Ich möchte in diesem Thread ein bisschen was von meinem Projekt erzählen und einige Musterlösungen präsentieren, an denen sich schon viele, unter anderem auch ich, die Zähne ausgebissen haben.

Zu meinem Projekt:
Ich bastle seit zwei Jahren an einem Office Programm, mit dem man folgende Funktionen durchführen kann:
- Neues Projekt erstellen (mit Bezeichnung und Datum)
- Seite einfügen
Auf einer gerade angezeigten Seite:
- Texte einfügen
- Bilder einfügen
- Linien einfügen

Das Programm ist eher ein Layout- als ein Textprogramm, denn man kann jeden Text, Bild und Linie beliebig auf der Seite verschieben, dann Bilder und Text in 90° Schritten drehen und bei den Linien die Endpunkte einzeln verschieben.

Im Zuge der Darstellung der Seiten habe ich lange herumexperimentiert, um eine gute Darstellung für die Texte zu bekommen.
Angefangen bei eigenen Ideen über LineBreakMeasurer bis hin zur ultimativen Idee, Texte so zu zeichnen, wie es z.B. in einer JTextPane gemacht wird, d.h. mit verschiedenen Formatierungen für jedes Zeichen, Ausrichtungen der Paragraphen, Tabstopps usw.

Hier eine einfache, wie auch geniale Idee, solche mehrfach formatierten Strings OHNE großen Aufwand zu zeichnen:

//JTextPane, die wir darstellen wollen
JTextPane pane = new JTextPane();

//auf dieser könne wir mittels AttributSet mit den Methoden setCharacterAttributes und
//setParagraphAttributes beliebige Formatierungen durchführen
pane.setOpaque(false);
//wichig, damit nur der Text ohne Hintergrund gezeichnet wird

BufferedImage buffer = new BufferedImage(breite, höhe, BufferedImage.TYPE_INT_RGB);
Graphics2D g2 = buffer.createGraphics();

g2.setColor(Color.WHITE); // hintergrund von BufferedImage weiß machen
g2.fillRect(0,0 breite, höhe);

pane.paint(g2);

// und dann noch das Offscreen Image auf ein JPanel zeichnen
JPanel jPanel = new JPanel();
jPanel.getGraphics().drawImage(buffer, x, y, jPanel);

Mit dieser Methode kann man den Inhalt (nur Text, ohne Hintergrund) zeichnen, wohin man will, also auf ein JPanel oder auch mit nem Drucker müsste das funktionieren.

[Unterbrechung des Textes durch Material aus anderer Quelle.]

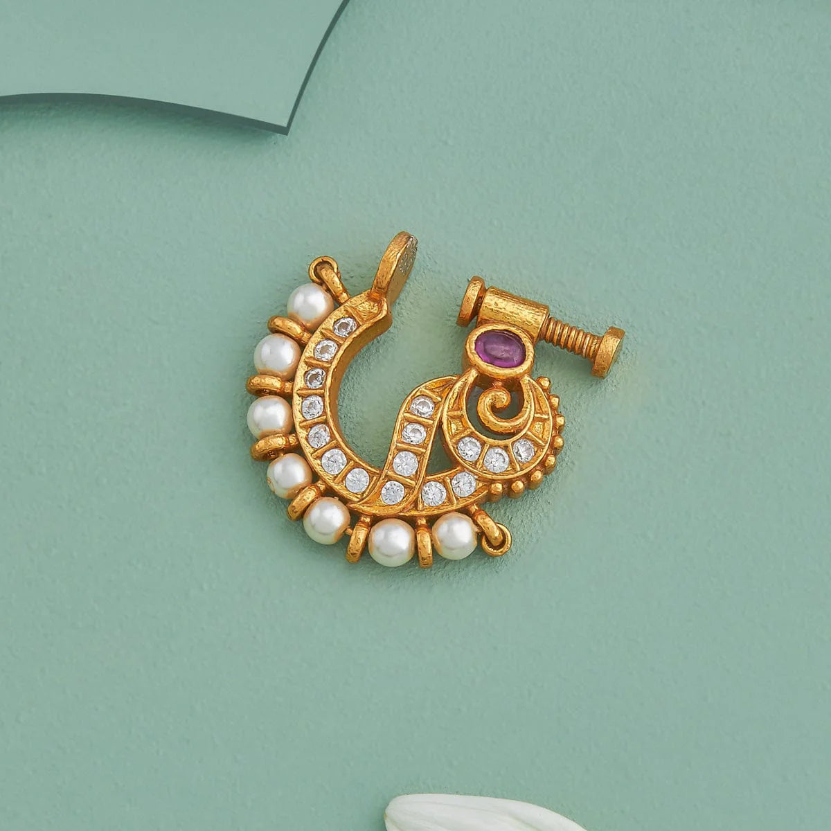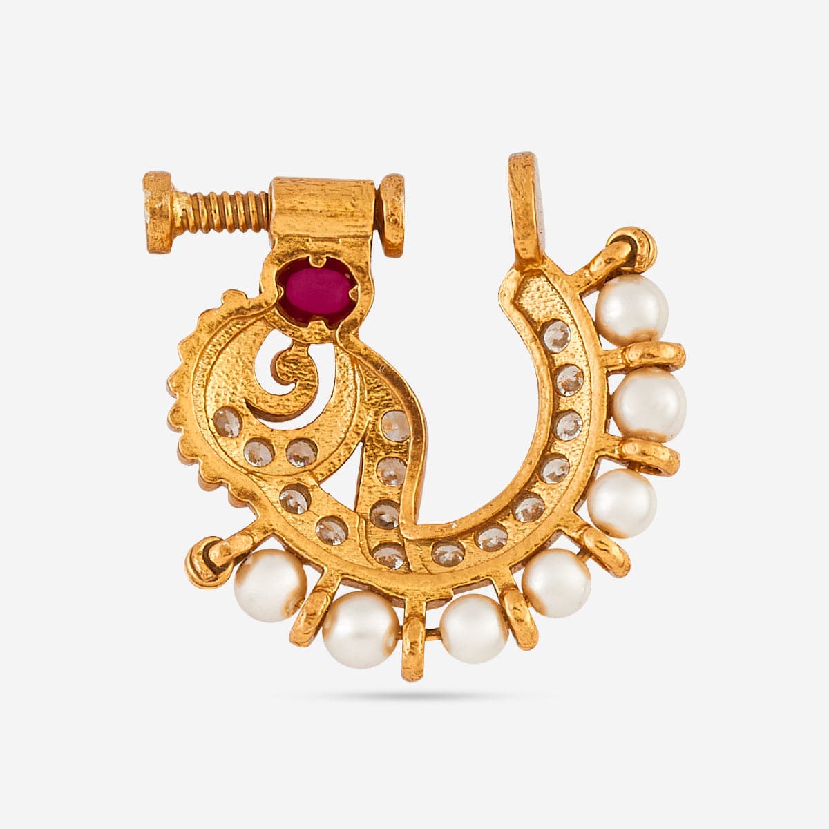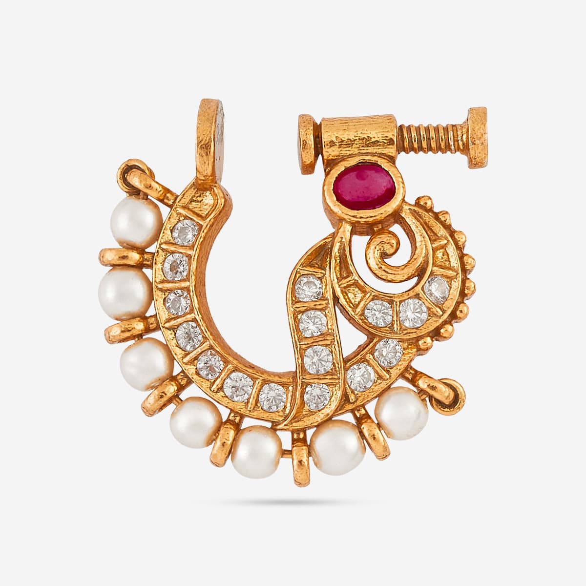 Elevate your traditional look with this exquisite Nath crafted from 92.5% pure silver and plated in gold. Adorned with vibrant ruby stones and delicate pearls, this nath radiates elegance and festive charm.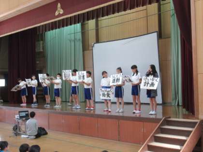 今年度初めての児童朝会。今回は,各委員長から委員会ですることについての話がありました。各委員会とも,昨年度とは少し違った新たな試みを企画しており,今からとても楽しみです。

Die Drehungen und Verschieben ist dann nur noch eine Sache von AffineTransform

So, das wars erstmal für heute, bezüglich dieser Sache, werde ich noch weiter Ausführungen und ein paar Fragen stellen.

Viele Grüße und hoffe es hat jemanden geholfen.;-)


----------



## hihi (28. März 2008)

Hallo,

Hättest du vielleicht eine Idee wie ich nun den Inhalt (Text, Bilder) des JTextPanes erhalten könnte um das dann in den DB zu speichern?

MFG 
hihi


----------